After the cake was baked and cooled, it was time to decorate it with more marzipan, and of course, the marzipan 'disciples' (minus Judas, because the culinary - and of course, religious - world is none too pleased with him). I like this part: rolling golden orbs of marzipan between one's hands, forming not-quite-perfect little spheres of sugar, is one of those therapeutic kitchen tasks that I love (along with making risotto, or rubbing butter into flour). I used an apricot glaze to stick the marzipan to the cake, and the disciples on top.

The next step is to score the surface of the cake with a sharp knife, and place it under the grill. This of course is optional, but I think the burnished surface of the marzipan (and, of course, the smell of toasting almonds and sugar) is wonderful.
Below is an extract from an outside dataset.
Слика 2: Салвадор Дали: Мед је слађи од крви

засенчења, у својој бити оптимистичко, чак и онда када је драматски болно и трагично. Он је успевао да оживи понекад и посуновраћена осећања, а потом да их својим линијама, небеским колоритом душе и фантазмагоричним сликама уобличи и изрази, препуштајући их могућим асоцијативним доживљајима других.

Two years ago I burnt it, so last year I used my cook's blowtorch, but as I hadn't brought the blowtorch home this year I had to use the grill again. I kept a very careful eye on it: it can turn from pleasant gold to carcinogenic black in a matter of seconds. I think this year I achieved just the right level of toastiness. I love the colours of the golden and brown top.
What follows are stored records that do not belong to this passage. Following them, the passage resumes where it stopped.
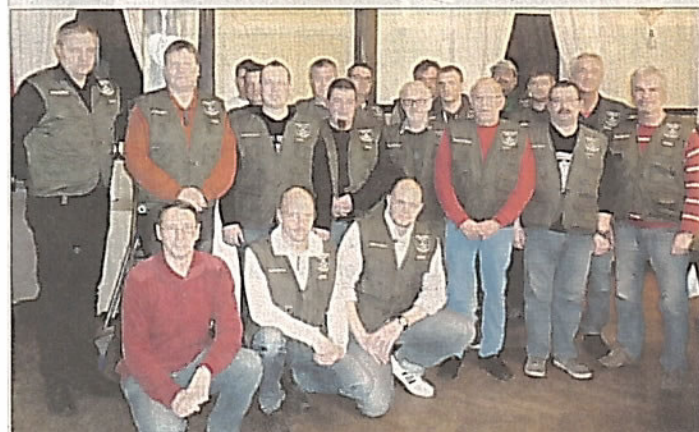
Tagung der Fischereiaufseher.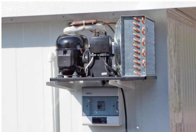
Fot. nr 4 Agregat z chłodniczką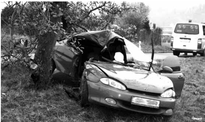
Nehoda. Dvěma těžkými zraněními skončila havárie, k níž došlo v sobotu 16. října kolem páté hodiny odpoledne na silnici za Lysicemi ve směru na Bořitov. Šestadvacetiletý řidič osobního vozu Hyundai vyjel ze silnice a havaroval do stromu. Řidič utrpěl těžká zranění, s nimiž byl transportován vrtulníkem do nemocnice. Těžká zranění při havárii utrpěla také jeho devatenáctiletá spolujedkyně,“ řekla blanenská policejní mluvčí Iva Šebková. Policie po dobu likvidace nehody na místě řídili provoz kyvadlově. (pš)

ti pohybu, ale především dbát na vlastní bezpečnost. Záchranářům je potřeba sdělit, co se stalo, co nejpřesněji určit místo nehody a popsat počet postižených a jejich zranění,“ dodala. Více na www.zrcadlo.net

A very successful first outing for the KitchenAid, I think. Obviously I can't report on the simnel cake yet, because it has not matured. It will mature, I am determined, so I will have to let you know about it at a later date. I can't wait to try out the KitchenAid for other recipes, so watch this space. In the meantime, I will admit to standing in the kitchen and stroking the mixer lovingly, emitting sighs of culinary covetousness.
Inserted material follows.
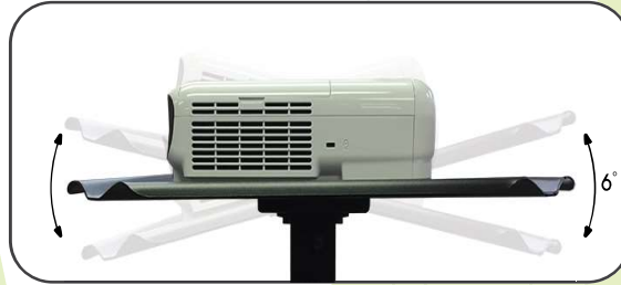
ป้องกันเสาได้ 6 องศา

Simnel cake (makes a 20-22cm cake):

100g glacé cherries 
¼ teaspoon ground ginger 
500g mixed dried fruit 
25g ground almonds 
175g soft, unsalted butter (at room temperature)
3 eggs 
175g caster sugar 
2 tablespoons milk 
Zest of 1 lemon 
1kg yellow marzipan to decorate
225g plain flour icing sugar for rolling 
1 teaspoon baking powder 
1 tablespoon apricot jam, melted 
½ teaspoon ground cinnamon 

Take everything you need out of the fridge. Preheat the oven to 170C. Butter and line the bottom and sides of a 20cm or 22cm springform cake tin with baking paper. Chop the cherries very finely and add them to the rest of the fruit.
Cream the butter and sugar until very soft and light, and add the lemon zest. Measure the flour, baking powder, cinnamon, ginger and ground almonds into a bowl and stir to combine.
Add one of the eggs to the creamed butter and sugar with 2 tablespoons of the dry flour-and-spice ingredients, then beat in the remaining eggs in the same way. Beat in the rest of the dry ingredients, and then the milk. Finally fold in the fruit.
Dust a surface with a little icing sugar and then roll out about 400g of the marzipan. Cut it into a 23cm circle that will fit in the middle of the cake later. Spoon half of the fruit-cake mixture into the cake tin, smoothing it down with a rubber spatula, and then lay the marzipan circle on top of it. Spoon the rest of the mixture into the tin on top of the marzipan circle and smooth the top again. Bake for half an hour and then turn the oven down to 150C for another 1½ hours or until the cake has risen and is firm on top. Let it cool completely on a rack before you spring it open.
Unspring the cooled fruit cake, and unwrap the lining from the cake. Roll out another 400g circle of marzipan, paint the top of the cake with the melted apricot jam, and then stick it on.
Make 11 balls out of the remaining marzipan, roughly 2.5cm in size. Stick them around the cake using the apricot jam. Lightly score the centre of the marzipan in a criss-cross pattern with a sharp knife.
Preheat the grill to around 220C, and put the cake underneath it. Watch it carefully - you want it to be golden, but not dark brown. Remove, allow to cool, then leave to mature (if you can) for a few days or weeks before eating.